• **Problem statement**
All of the data that follows should be retyped exactly, please, except the pictures.

• **Record excerpts**

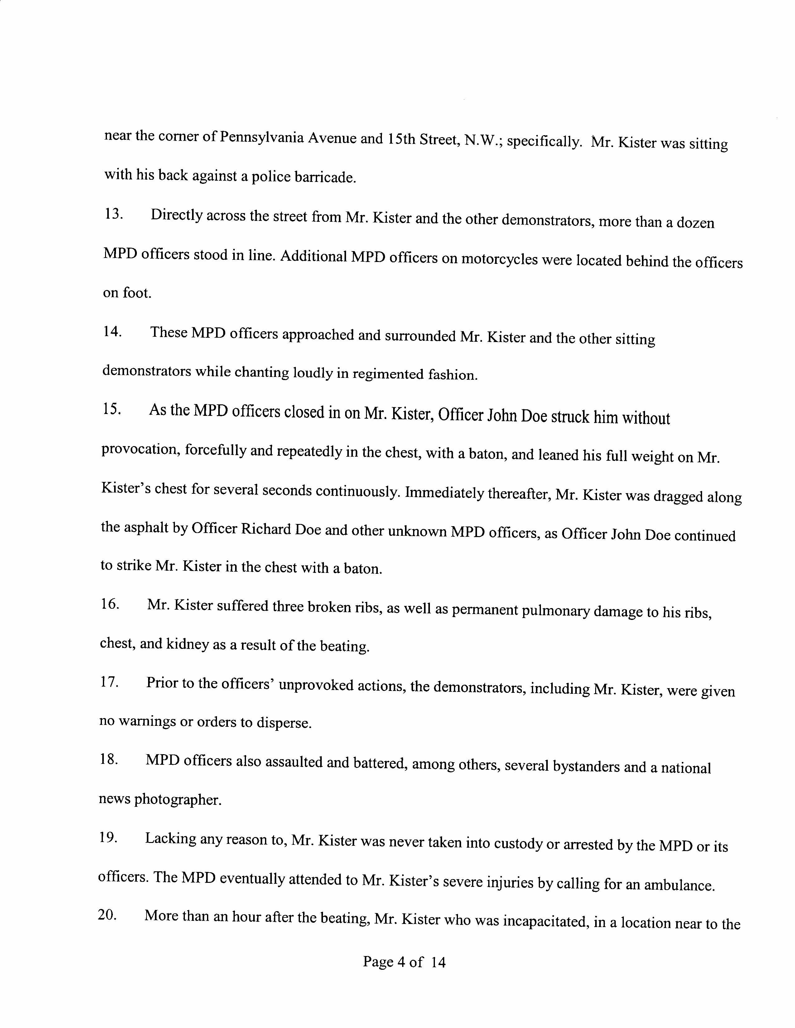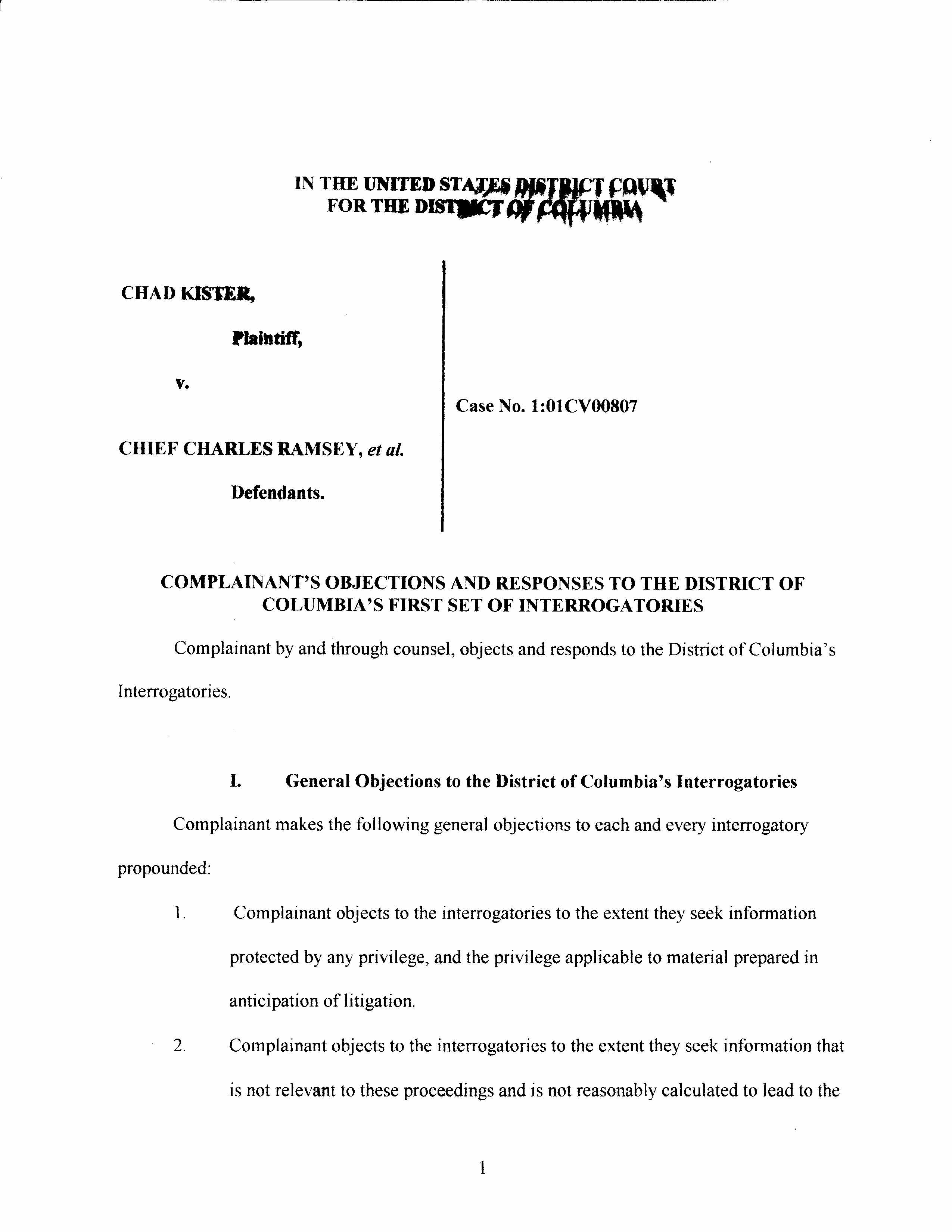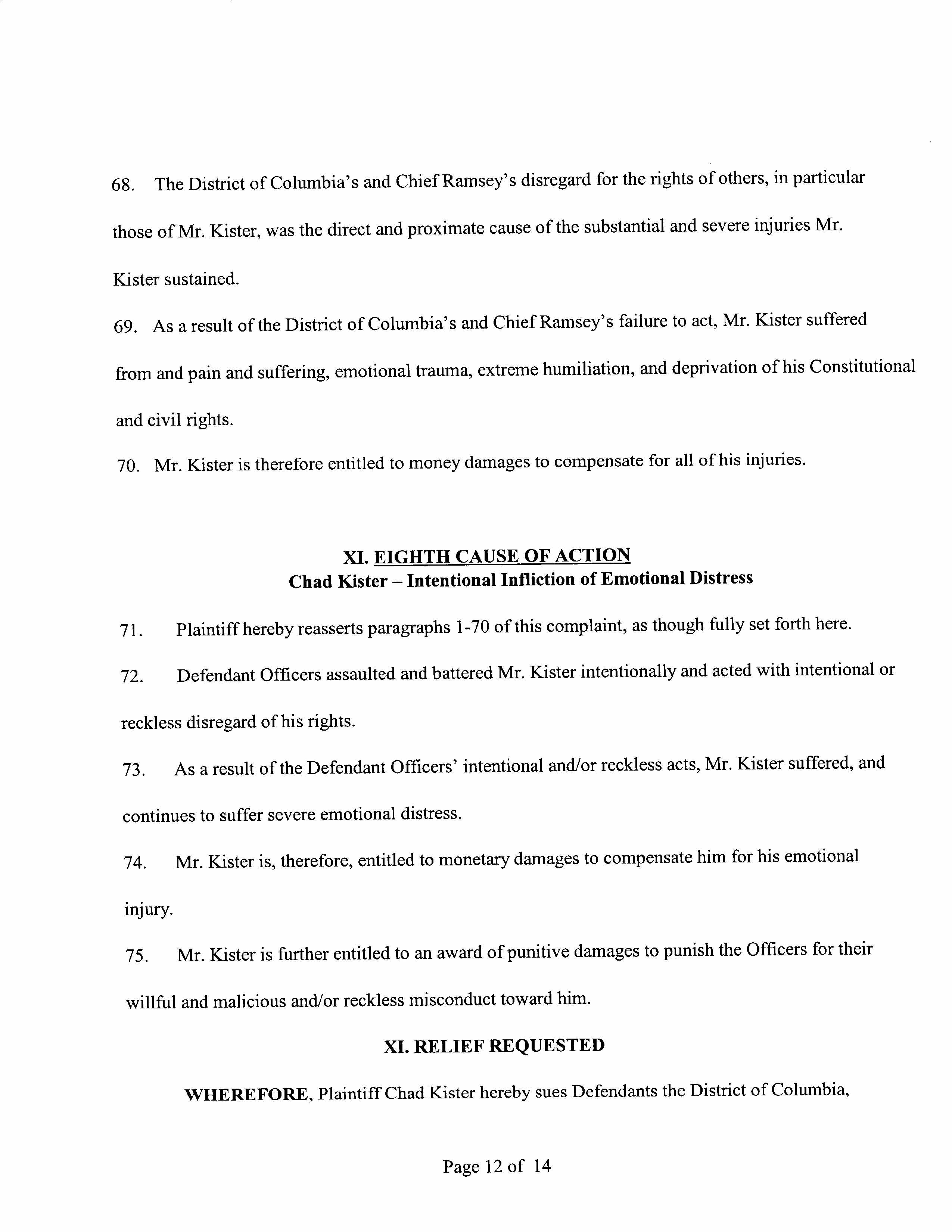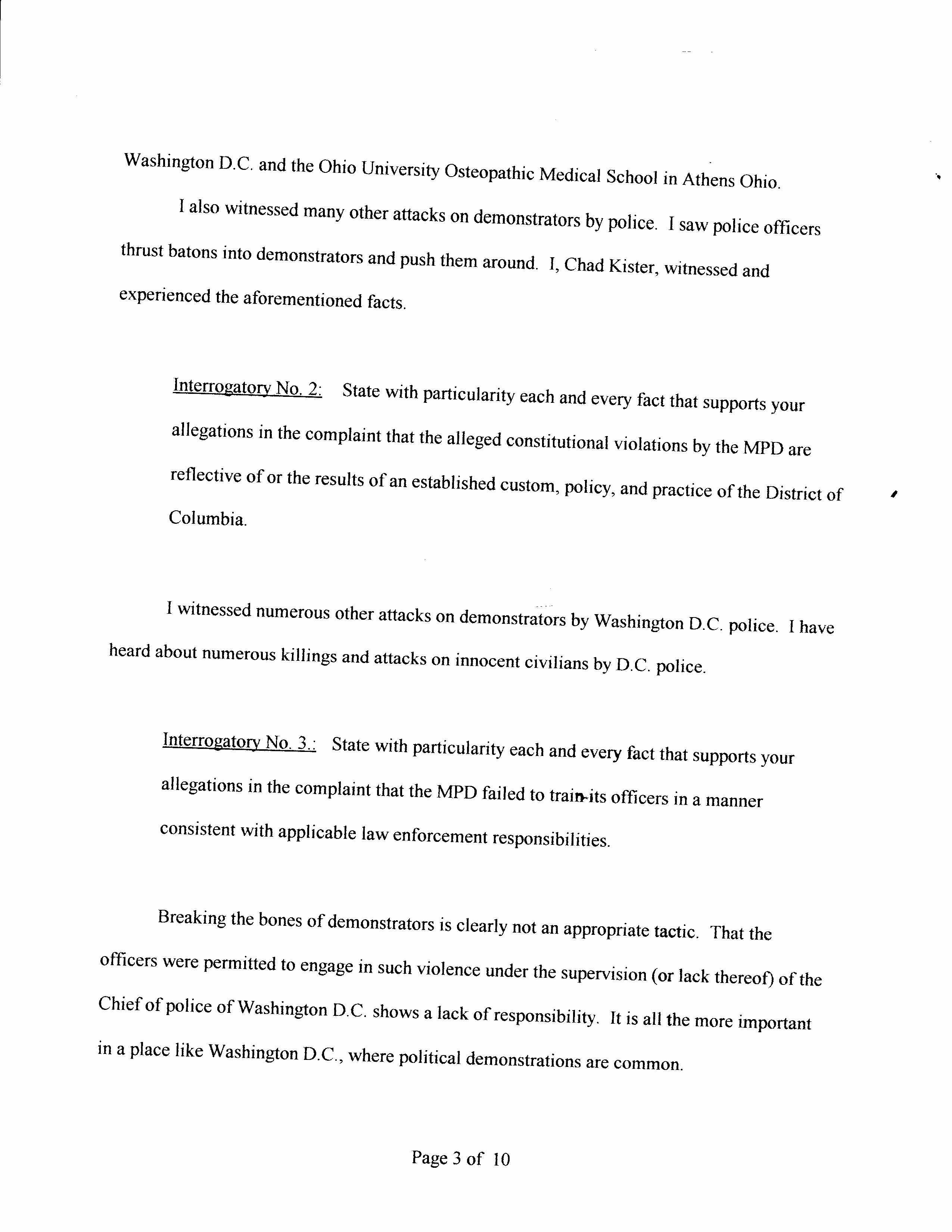 These are the documents for the lawsuit filed by Author and Film Maker Chad Kister against the Washington DC Metropolitan Police Department:
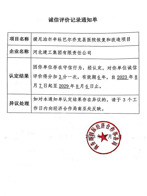 主題教育結碩果!繼7月份河北邢建建設工程交易有限公司承建的援尼泊爾辛杜巴爾喬克縣醫院恢複和改造項目中期驗收綜合檢查獲“雙優”後(hòu),8月7日,再傳捷報,商務部國(guó)際經(jīng)濟合作事(shì)務局下發(fā)誠信評價記錄通知單,爲河北邢建建設工程交易有限公司有限責任公司誠信評價體系加3分一次,有效期6年,自2023年8月7日起(qǐ)至2029年8月6日止。
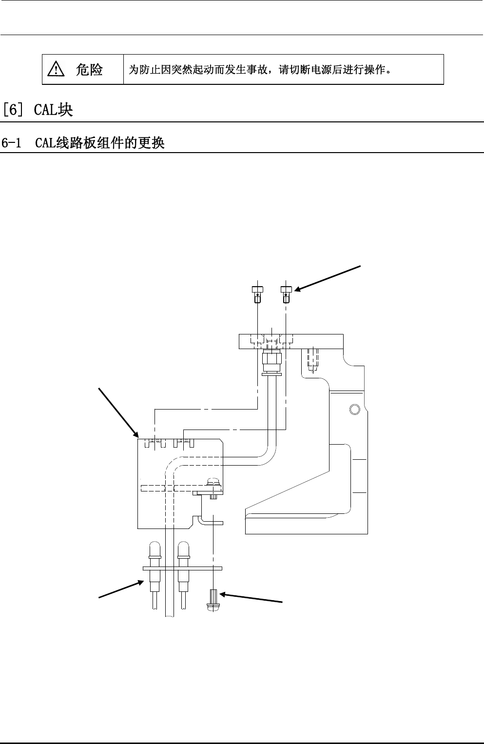 维修调整要领书 6-1 Rev1.0 1) 把与 CAL 线路板相连的 2 条电 线①拔下。 2) 把φ4 的空气管从脱膜部件的弯管 上拔下。 3) 卸下 CAL 板上的两处内六角螺钉 ②,取下 CAL 护罩 ③。 4) 卸下两处带垫片螺钉④,从 CA L 护罩上取下 CAL 线 路板。 5) 线路板更换后,按照相反的顺序组 装。 ① ② ④ ③
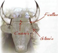 2) Le. taureau. (biou) sort du toril et cherche « son camp », un endroit dans le plan où il pourra se défendre (généralement un angle). La Présidence* annonce : le nom du taureau, le nom de la manade et les primes des attributs * (cocarde-glands). Lors des concours de Manades, le cocardier* (ou la vache cocardière) porte parfois la devise (couleurs de la rnanade accrochées sur le garrot) (non primée).
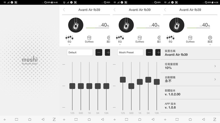 Moshi Bluetooth Audio能夠調整五段EQ,有Default、Moshi Preset 和 Bass Boost 三種預設EQ可選,此外,APP還有低電量提醒與自動關機的功能。APP能顯示耳機的當前電量,以10%為一個單位在跑,所以消費者會看到電量是每10%往下降。DJ4two據說能讓兩支藍牙耳機播放相同的音樂,適合和朋友一起分享音樂的情境,但我孤單一人去參加,所以,沒有測試。

• **Result**
 These are the documents for the lawsuit filed by Author and Film Maker Chad Kister against the Washington DC Metropolitan Police Department:
 主題教育結碩果!繼7月份河北邢建建設工程交易有限公司承建的援尼泊爾辛杜巴爾喬克縣醫院恢複和改造項目中期驗收綜合檢查獲“雙優”後(hòu),8月7日,再傳捷報,商務部國(guó)際經(jīng)濟合作事(shì)務局下發(fā)誠信評價記錄通知單,爲河北邢建建設工程交易有限公司有限責任公司誠信評價體系加3分一次,有效期6年,自2023年8月7日起(qǐ)至2029年8月6日止。
 维修调整要领书 6-1 Rev1.0 1) 把与 CAL 线路板相连的 2 条电 线①拔下。 2) 把φ4 的空气管从脱膜部件的弯管 上拔下。 3) 卸下 CAL 板上的两处内六角螺钉 ②,取下 CAL 护罩 ③。 4) 卸下两处带垫片螺钉④,从 CA L 护罩上取下 CAL 线 路板。 5) 线路板更换后,按照相反的顺序组 装。 ① ② ④ ③
 2) Le. taureau. (biou) sort du toril et cherche « son camp », un endroit dans le plan où il pourra se défendre (généralement un angle). La Présidence* annonce : le nom du taureau, le nom de la manade et les primes des attributs * (cocarde-glands). Lors des concours de Manades, le cocardier* (ou la vache cocardière) porte parfois la devise (couleurs de la rnanade accrochées sur le garrot) (non primée).
 Moshi Bluetooth Audio能夠調整五段EQ,有Default、Moshi Preset 和 Bass Boost 三種預設EQ可選,此外,APP還有低電量提醒與自動關機的功能。APP能顯示耳機的當前電量,以10%為一個單位在跑,所以消費者會看到電量是每10%往下降。DJ4two據說能讓兩支藍牙耳機播放相同的音樂,適合和朋友一起分享音樂的情境,但我孤單一人去參加,所以,沒有測試。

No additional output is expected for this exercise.